Exercise description —
When you reach the line below that has "水の代替え原料として「発酵コラーゲン水*」を使用しているスキンケアとなっています♪ bobe SKIN", start returning lines exactly, and stop after the line that has "Con un transom"; skip the pictures.

Given records Start Marker

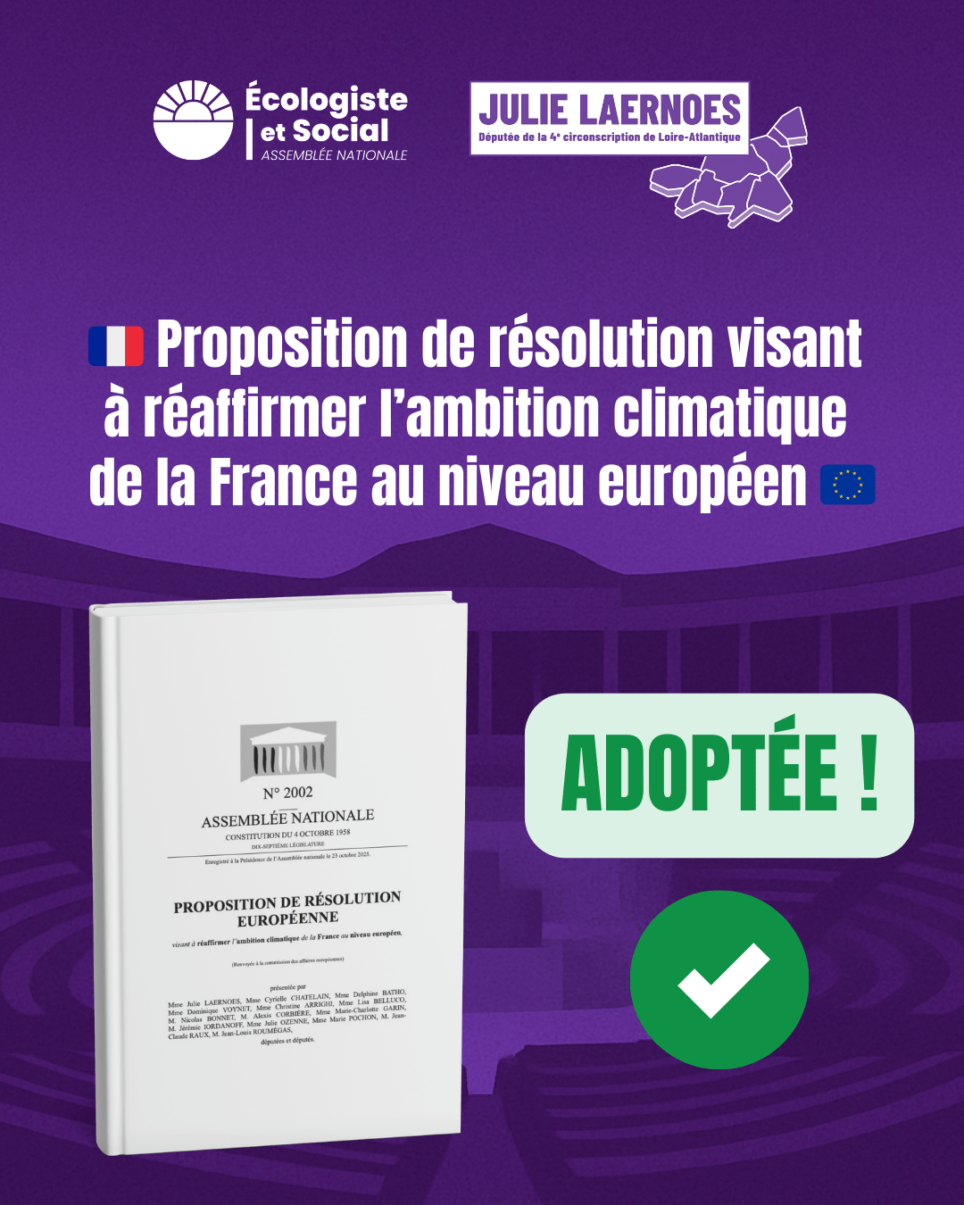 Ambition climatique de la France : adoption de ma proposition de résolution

Given records End Marker
Given records Start Marker

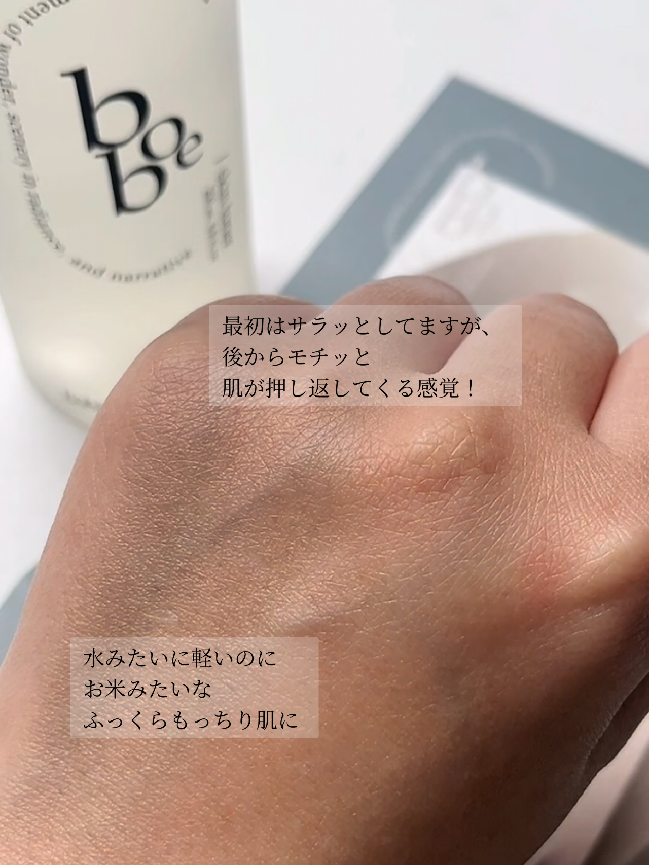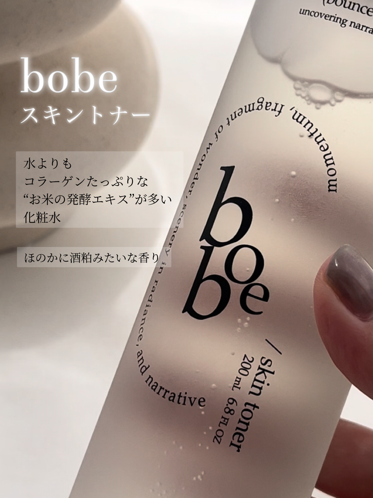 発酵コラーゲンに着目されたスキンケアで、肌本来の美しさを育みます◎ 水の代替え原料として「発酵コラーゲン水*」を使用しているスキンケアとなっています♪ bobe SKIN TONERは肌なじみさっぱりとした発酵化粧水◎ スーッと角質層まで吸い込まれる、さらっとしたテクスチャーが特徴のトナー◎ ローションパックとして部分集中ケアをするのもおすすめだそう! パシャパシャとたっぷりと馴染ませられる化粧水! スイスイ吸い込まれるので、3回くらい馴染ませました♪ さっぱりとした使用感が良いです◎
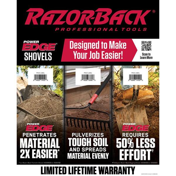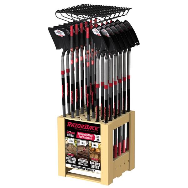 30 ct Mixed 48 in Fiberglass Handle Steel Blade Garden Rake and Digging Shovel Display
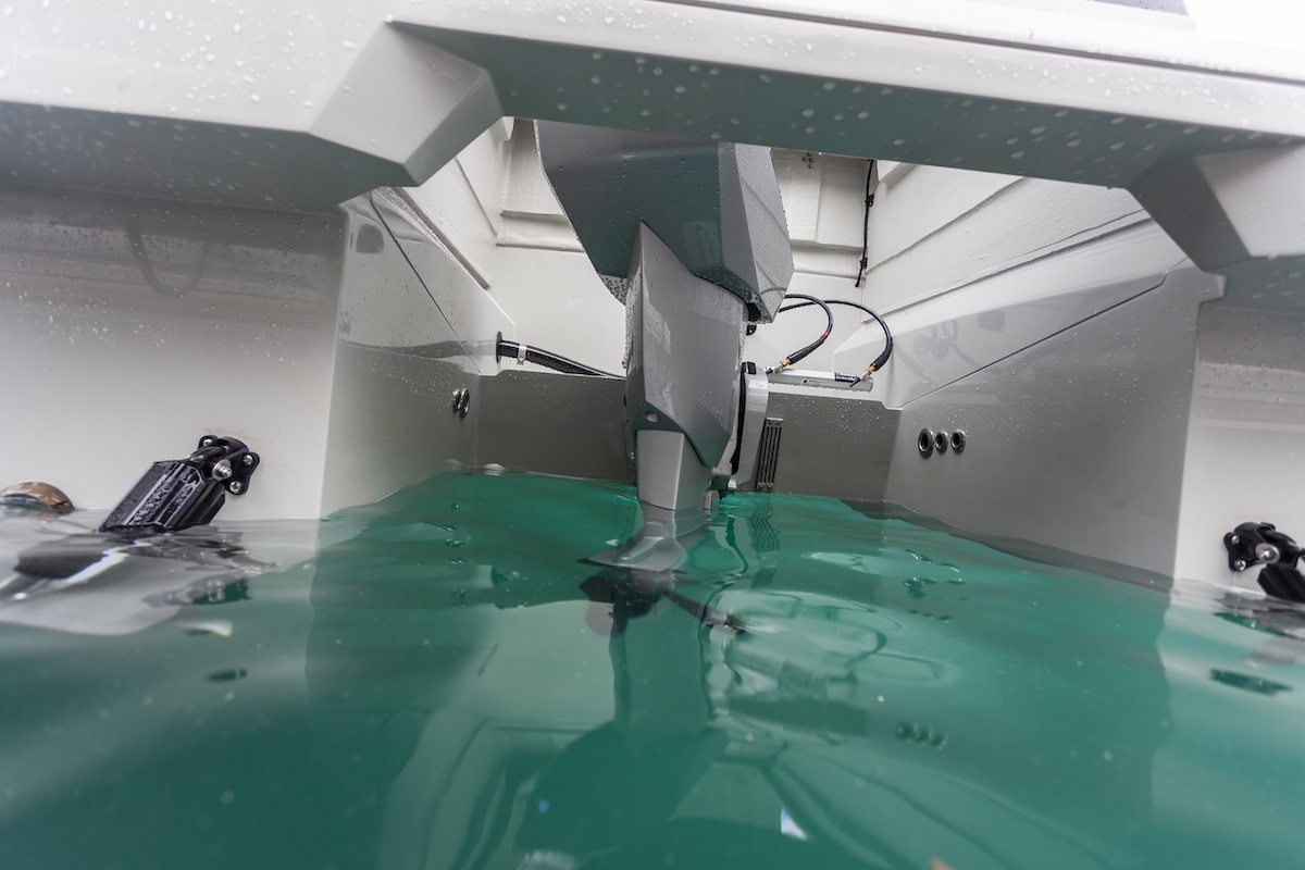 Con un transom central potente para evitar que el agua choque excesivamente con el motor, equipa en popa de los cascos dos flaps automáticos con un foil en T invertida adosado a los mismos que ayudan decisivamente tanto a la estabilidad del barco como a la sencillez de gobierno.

Given records End Marker

Exercise output —
 発酵コラーゲンに着目されたスキンケアで、肌本来の美しさを育みます◎ 水の代替え原料として「発酵コラーゲン水*」を使用しているスキンケアとなっています♪ bobe SKIN TONERは肌なじみさっぱりとした発酵化粧水◎ スーッと角質層まで吸い込まれる、さらっとしたテクスチャーが特徴のトナー◎ ローションパックとして部分集中ケアをするのもおすすめだそう! パシャパシャとたっぷりと馴染ませられる化粧水! スイスイ吸い込まれるので、3回くらい馴染ませました♪ さっぱりとした使用感が良いです◎
 30 ct Mixed 48 in Fiberglass Handle Steel Blade Garden Rake and Digging Shovel Display
 Con un transom central potente para evitar que el agua choque excesivamente con el motor, equipa en popa de los cascos dos flaps automáticos con un foil en T invertida adosado a los mismos que ayudan decisivamente tanto a la estabilidad del barco como a la sencillez de gobierno.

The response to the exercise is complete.